Good morning everyone.

I am attempting to parse a very large CSV (65 million lines) with BEAM (version 2.25) from an Azure Blob and have created a pipeline for this. I am running the pipeline on dataflow and testing with a smaller version of the file (10'000 lines).

I am using FileIO and the filesystem prefix "azfs" to read from azure blobs.

The pipeline works with the small test file, but when I run this on the bigger file I am getting an exception "Stream Mark Expired" (pasted below). Reading the same file from a GCP bucket works just fine, including when running with dataflow.

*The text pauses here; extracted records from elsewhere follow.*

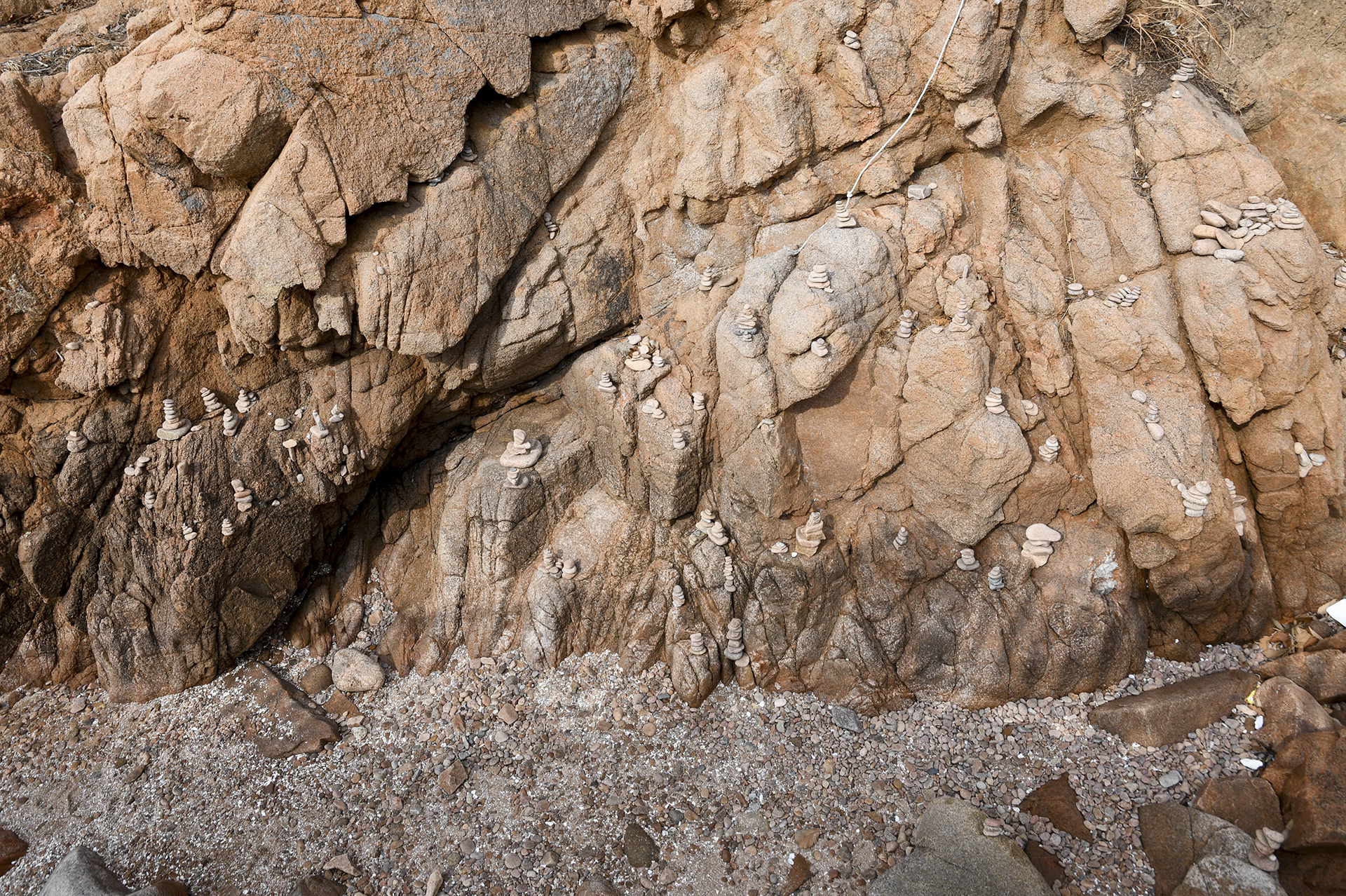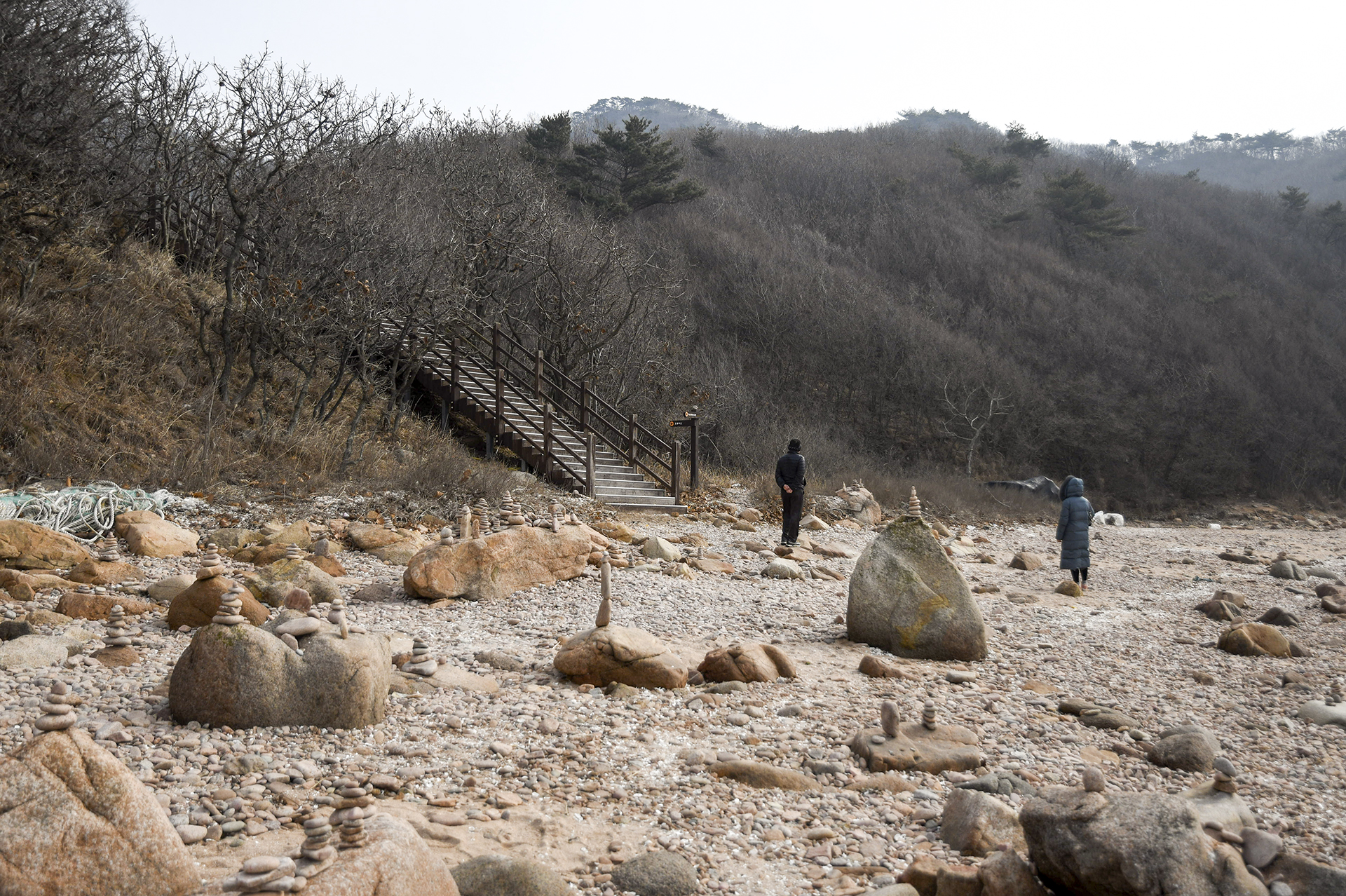 바위마다 작은 돌탑들이 여기저기 세워져 있고, 하나개해수욕장으로 돌아가는 호룡곡산 숲길이 계단으로 열려 있다.
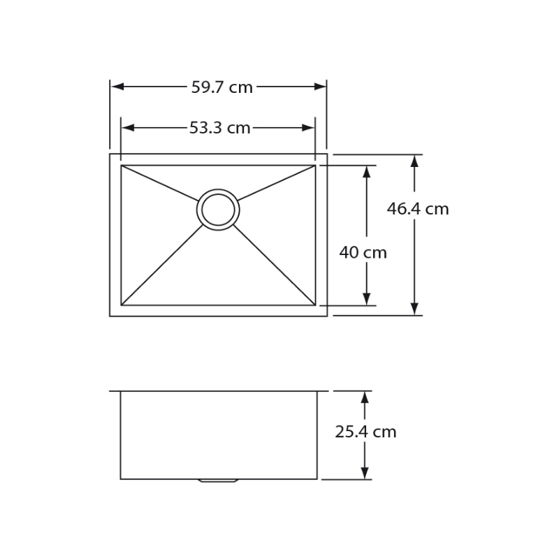 - Dimensions tub(s): 53.3 x 40 x 25.4 cm (17.5 x 16 x 16.5 in.)
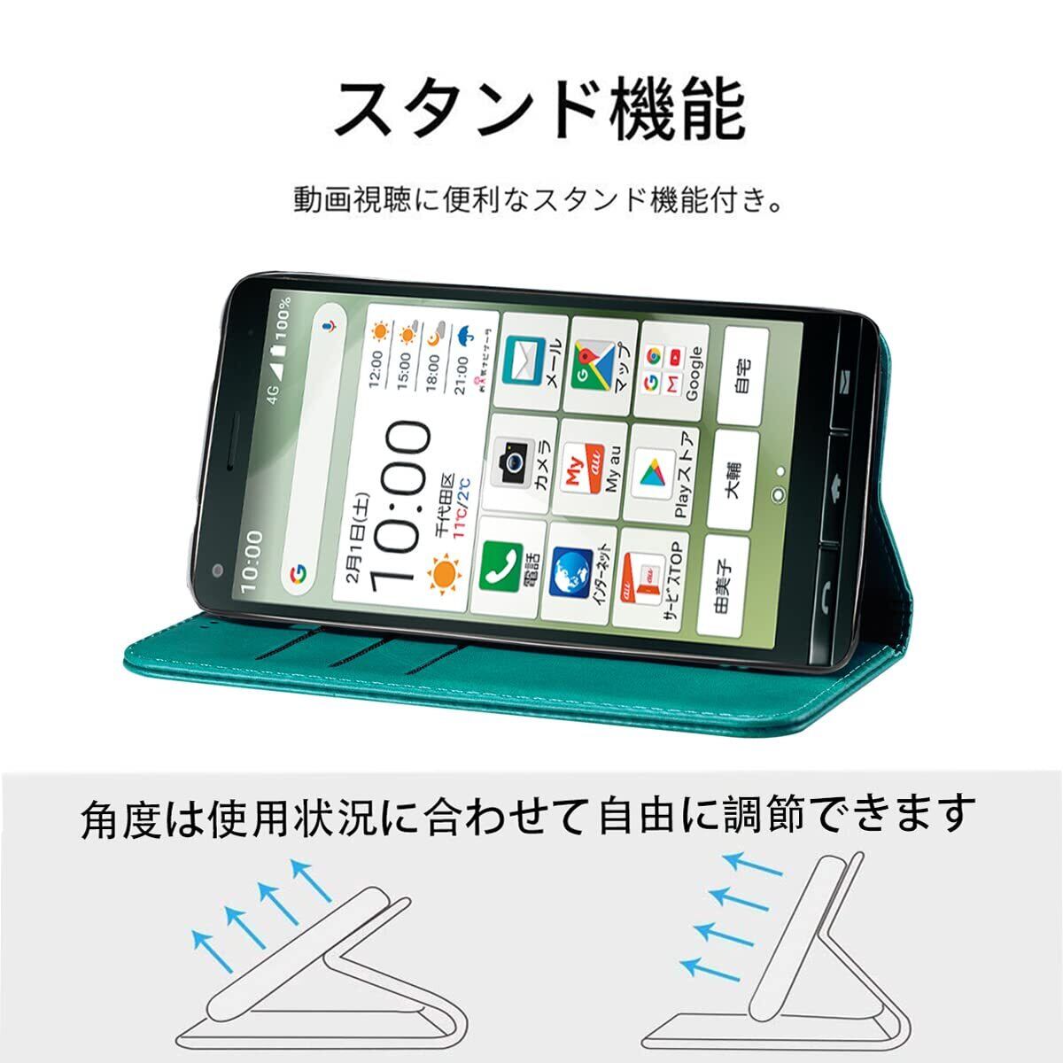 BASIO4 KYV47 ケース 手帳型 高質PUレザー BASIO4 KYV47 カバー KYOCERA BASIO 4 ケース 耐衝撃 内蔵マグネット開閉式 ベルトなし スマホケース おしゃれ カードポケット スタンド機能 便利 スプラット同梱 携帯ケース(ターコイズ)

Our primary filestore is Azure Storage, so moving to GCP buckets is not an option.

Is there anyone who can help me resolve this?


Best Regards
Thomas Li Fredriksen


The exception referenced above:


Error message from worker: java.lang.RuntimeException: org.apache.beam.sdk.util.UserCodeException: java.lang.RuntimeException: Stream mark expired. org.apache.beam.runners.dataflow.worker.GroupAlsoByWindowsParDoFn$1.output(GroupAlsoByWindowsParDoFn.java:184) org.apache.beam.runners.dataflow.worker.GroupAlsoByWindowFnRunner$1.outputWindowedValue(GroupAlsoByWindowFnRunner.java:108) org.apache.beam.runners.dataflow.worker.util.BatchGroupAlsoByWindowReshuffleFn.processElement(BatchGroupAlsoByWindowReshuffleFn.java:56) org.apache.beam.runners.dataflow.worker.util.BatchGroupAlsoByWindowReshuffleFn.processElement(BatchGroupAlsoByWindowReshuffleFn.java:39) org.apache.beam.runners.dataflow.worker.GroupAlsoByWindowFnRunner.invokeProcessElement(GroupAlsoByWindowFnRunner.java:121) org.apache.beam.runners.dataflow.worker.GroupAlsoByWindowFnRunner.processElement(GroupAlsoByWindowFnRunner.java:73) org.apache.beam.runners.dataflow.worker.GroupAlsoByWindowsParDoFn.processElement(GroupAlsoByWindowsParDoFn.java:114) org.apache.beam.runners.dataflow.worker.util.common.worker.ParDoOperation.process(ParDoOperation.java:44) org.apache.beam.runners.dataflow.worker.util.common.worker.OutputReceiver.process(OutputReceiver.java:49) org.apache.beam.runners.dataflow.worker.util.common.worker.ReadOperation.runReadLoop(ReadOperation.java:201) org.apache.beam.runners.dataflow.worker.util.common.worker.ReadOperation.start(ReadOperation.java:159) org.apache.beam.runners.dataflow.worker.util.common.worker.MapTaskExecutor.execute(MapTaskExecutor.java:77) org.apache.beam.runners.dataflow.worker.BatchDataflowWorker.executeWork(BatchDataflowWorker.java:417) org.apache.beam.runners.dataflow.worker.BatchDataflowWorker.doWork(BatchDataflowWorker.java:386) org.apache.beam.runners.dataflow.worker.BatchDataflowWorker.getAndPerformWork(BatchDataflowWorker.java:311) org.apache.beam.runners.dataflow.worker.DataflowBatchWorkerHarness$WorkerThread.doWork(DataflowBatchWorkerHarness.java:140) org.apache.beam.runners.dataflow.worker.DataflowBatchWorkerHarness$WorkerThread.call(DataflowBatchWorkerHarness.java:120) org.apache.beam.runners.dataflow.worker.DataflowBatchWorkerHarness$WorkerThread.call(DataflowBatchWorkerHarness.java:107)
java.base/java.util.concurrent.FutureTask.run(FutureTask.java:264)
java.base/java.util.concurrent.ThreadPoolExecutor.runWorker(ThreadPoolExecutor.java:1128) java.base/java.util.concurrent.ThreadPoolExecutor$Worker.run(ThreadPoolExecutor.java:628)
    java.base/java.lang.Thread.run(Thread.java:834)
Caused by: org.apache.beam.sdk.util.UserCodeException: java.lang.RuntimeException: Stream mark expired.
org.apache.beam.sdk.util.UserCodeException.wrap(UserCodeException.java:36)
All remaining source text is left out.